Instructors: Neil Casey / Kevin Hines
Date Taken: October 2008

The concept of “game” taught at UCB immediately appealed to my math-mind and helped me find ways to explore funny.  I took 201 as an intensive (8 3-hour days over 2 weeks) hoping to get through it faster, and while it was a fun experience, it was a lot to absorb in a short period of time.

Find out more about UCB’s training program here.

Class #1 – 101 Review & First Unusual Thing

Instructor: Neil Casey

  • Yes And until you find the interesting thing, then move to “If this is true, what else is true.”
  • We play human beings doing real human things.
  • You don’t have to do as much as you think, “save yourself the work”
  • Play it real.  You don’t have to dog pile it on
  • Play it real, your character is as smart as you are
  • For this class, you don’t need to introduce conflict
  • Make it in the present
  • Look for the unusual not the crazy
  • If you start out normal, you’ll discover the unusual thing, you won’t have to invent it.
  • It’s not a denial to react honestly
  • Your “premise” of the scene doesn’t have to be funny, in fact it doesn’t even matter.
  • There should only be 1 unusual thing, everything else is played real.

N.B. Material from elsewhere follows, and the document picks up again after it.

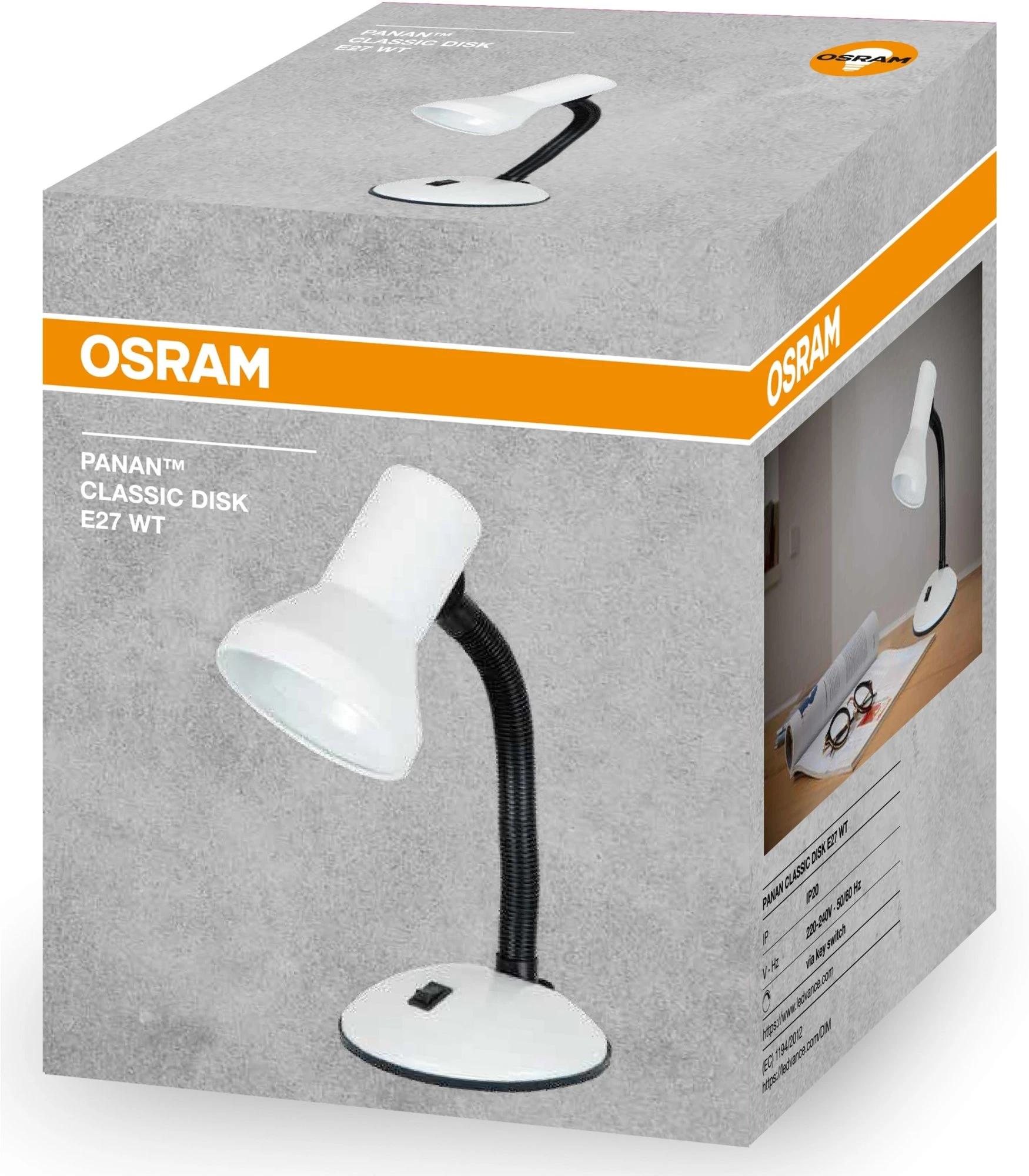 Лампа настільна OSRAM Panan CLASSIC DISK E27, білий

Class #2 – Pattern Game, Game of the Scene, & Heightening

Instructor: Kevin Hines

  • Pay attention to opinions and reactions, that’s where you’ll find interesting things.
  • Don’t forget to “Yes And” yourself, listen to what you say
  • Your reactions are what helps you identify the unusual thing
  • A fight before your know that game is can ruin a scene.  A fight that serves the game (after you know it) can be great.
  • Answer the key questions to the scene (who? what? where? sometimes why?)
  • Don’t forget to carry your justifications all the way through the scenes
  • You don’t want to fight.  You can disagree, but don’t get “angry”
  • Don’t feel trapped or controlled by your suggestion, feel freed by it.
  • Make sure you play (and heighten) the game, not the plot.
  • Play the active choice.
  • Initiations serve 3 purposes (in order of importance): (1) Generate ideas; (2) Connect w/ your group members; (3) Entertain the audience

Class #3 – Editing & Support

Instructor: Neil Casey

  • We all pledge our allegiance to the show, and we all support what’s already happening.
  • “Karaoke rule” – it doesn’t matter what you’re doing on stage, as long as you sell it.
  • Pattern Game:
  • Generates “half ideas”
  • You want to initiate scenes from it that were memorable, that people laughed at
  • Don’t want to initiate scene off of something you said personally
  • When you find something interesting, riff on that idea a few times
  • Random A->C connections is yes anding, then riffing on interesting thing is “if this, then what”
  • Play the pattern game with energy
  • Cardinal rule of editing is to end on a laugh or high point (even if it’s just a relative maximum)
  • You generally can’t edit “too” early.  If there was something there, you can always come back to it
  • If you think you should’ve edited, you should have.
  • Name people in your scenes.  It’s actually harder to carry out a scene without naming each other.
  • Walk-ons, tag-outs, swinging doors, are not for jokes or one-lines, they are for adding information or heightening the game.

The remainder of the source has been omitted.